Requirement>
Take the lines below from the one with "Figure 3: Defensive" through the one with "Blommigt Coral Script" and print only them, exactly. Don't print the pictures.

Given entries>
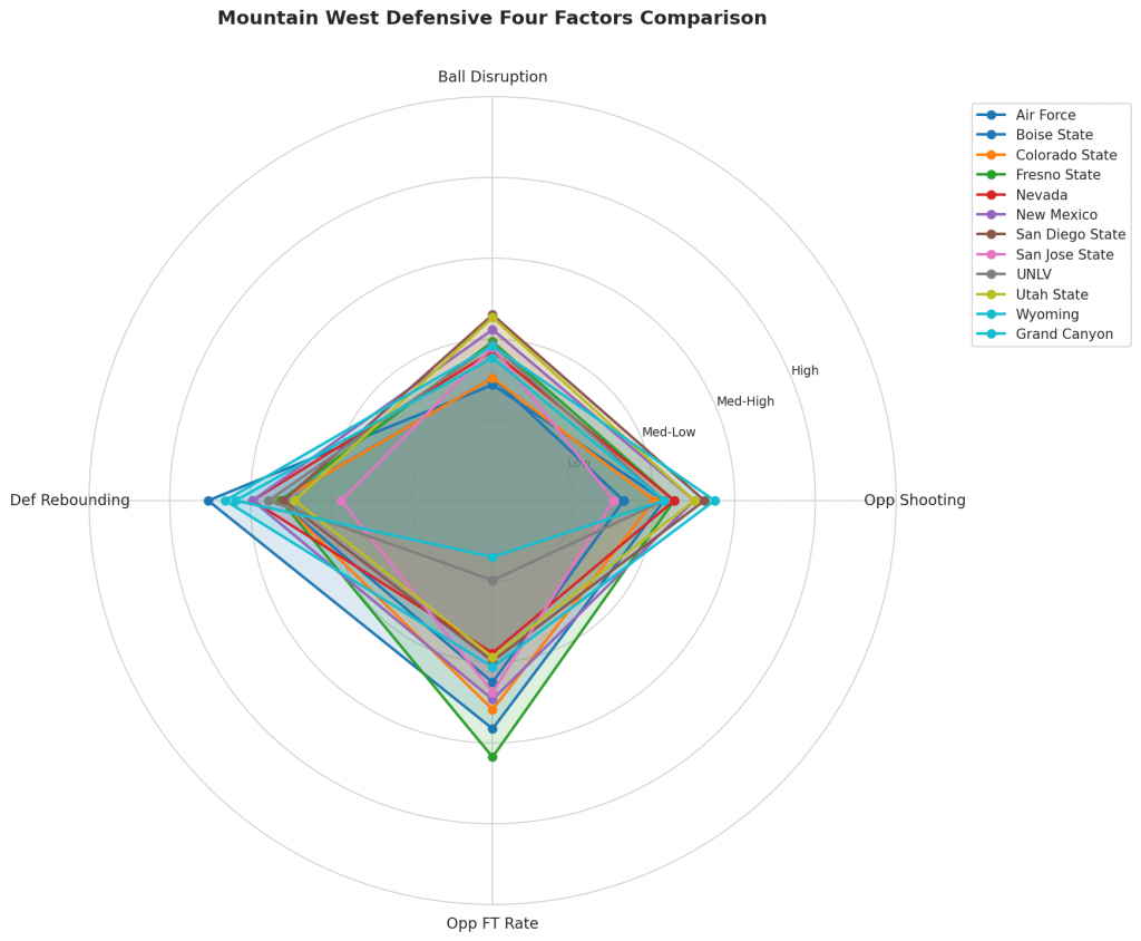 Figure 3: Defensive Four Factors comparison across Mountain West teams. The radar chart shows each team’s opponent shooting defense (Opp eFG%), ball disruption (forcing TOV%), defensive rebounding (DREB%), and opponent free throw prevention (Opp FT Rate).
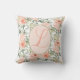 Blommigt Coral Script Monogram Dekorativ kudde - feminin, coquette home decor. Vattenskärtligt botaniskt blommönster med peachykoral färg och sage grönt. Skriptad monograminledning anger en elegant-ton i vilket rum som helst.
...
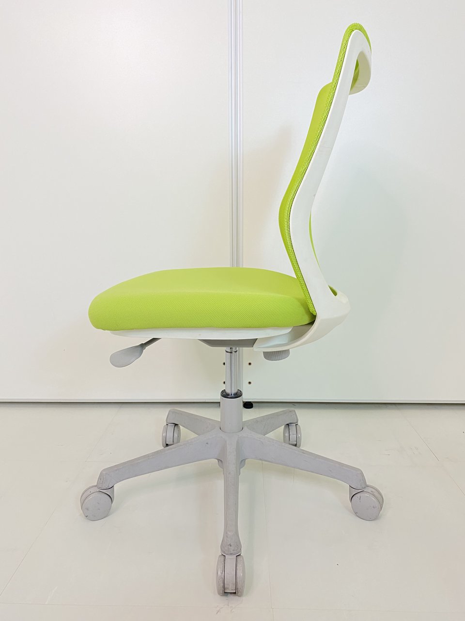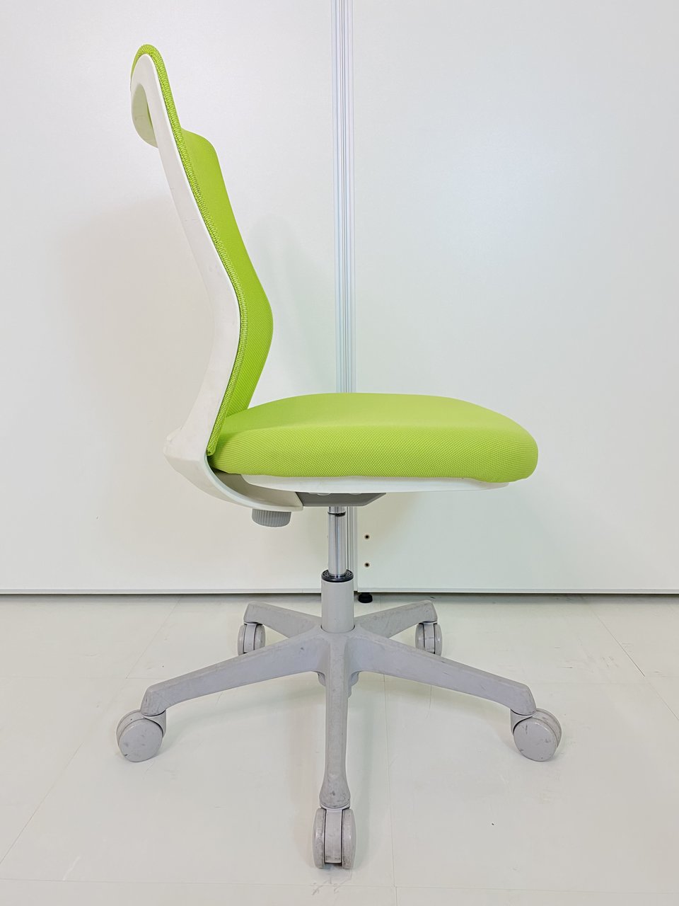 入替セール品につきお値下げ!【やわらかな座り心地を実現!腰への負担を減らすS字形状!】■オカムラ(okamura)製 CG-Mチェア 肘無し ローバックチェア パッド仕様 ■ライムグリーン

Task response>
 Figure 3: Defensive Four Factors comparison across Mountain West teams. The radar chart shows each team’s opponent shooting defense (Opp eFG%), ball disruption (forcing TOV%), defensive rebounding (DREB%), and opponent free throw prevention (Opp FT Rate).
 Blommigt Coral Script Monogram Dekorativ kudde - feminin, coquette home decor. Vattenskärtligt botaniskt blommönster med peachykoral färg och sage grönt. Skriptad monograminledning anger en elegant-ton i vilket rum som helst.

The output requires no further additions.